The system is capable of flow rates of at least 5ml/min so can be used with larger bore columns (<1cm diameter) for semi-preparative chromatography using the optional fraction collector. This can be triggered for sample collection using the appropriate detector signals including mass directed collection.

Waters Xevo TQ-S Tandem LC-MS

This instrument is best suited to quantitative measurement of known target chemicals, even at very low abundance. It offers enormous selectivity based on measuring an analyte that elutes at a particular time, has a particular precursor mass, and fragments to a known product mass (SRM or MRM).

The Xevo TQS has a very efficient system for transferring ions into the first quadrupole plus a sophisticated collision cell that can accumulate ions, fragment them and then release them synchronously into the final quadrupole as it is scanned. This results in significant improvements in sensitivity.

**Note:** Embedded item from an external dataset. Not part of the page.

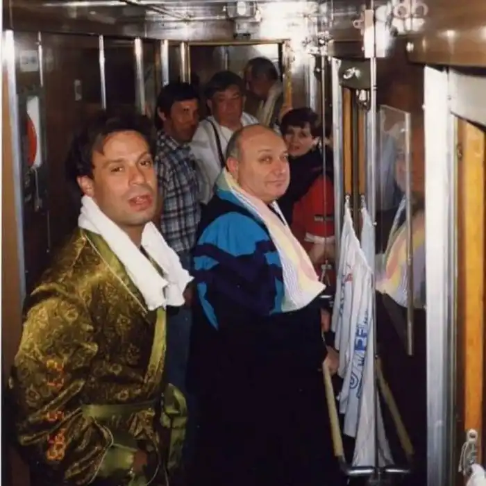 Ефим Шифрин, Михаил Жванецкий, Евгений Весник, Клара Новикова и другие стоят в очереди к туалету пассажирского вагона.
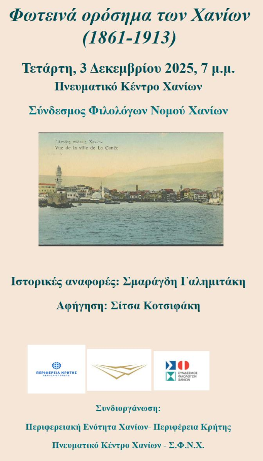 Ο Σύνδεσμος Φιλολόγων Νομού Χανίων (Σ.Φ.Ν.Χ.) σε συνδιοργάνωση με την Περιφέρεια Κρήτης-Περιφερειακή Ενότητα Χανίων και το Πνευματικό Κέντρο Χανίων πραγματοποιεί εκδήλωση την Τετάρτη, 3 Δεκεμβρίου 2025, ώρα 7 μ.μ. στο Πνευματικό Κέντρο με θέμα “Φωτεινά ορόσημα των Χανίων (1861-1913)”.

The instrument is also suitable for neutral loss and precursor ion studies and can be used for data-dependent MS-MS scans on unknown peaks. However, an ion trap MS might be more suited to the latter.

The Xevo TQS is equipped with a UPLC system and is capable of collecting data at UPLC rates, enabling very short run times.

The system can also be used for proteomics for which it has an alternative nano-flow chromatography system.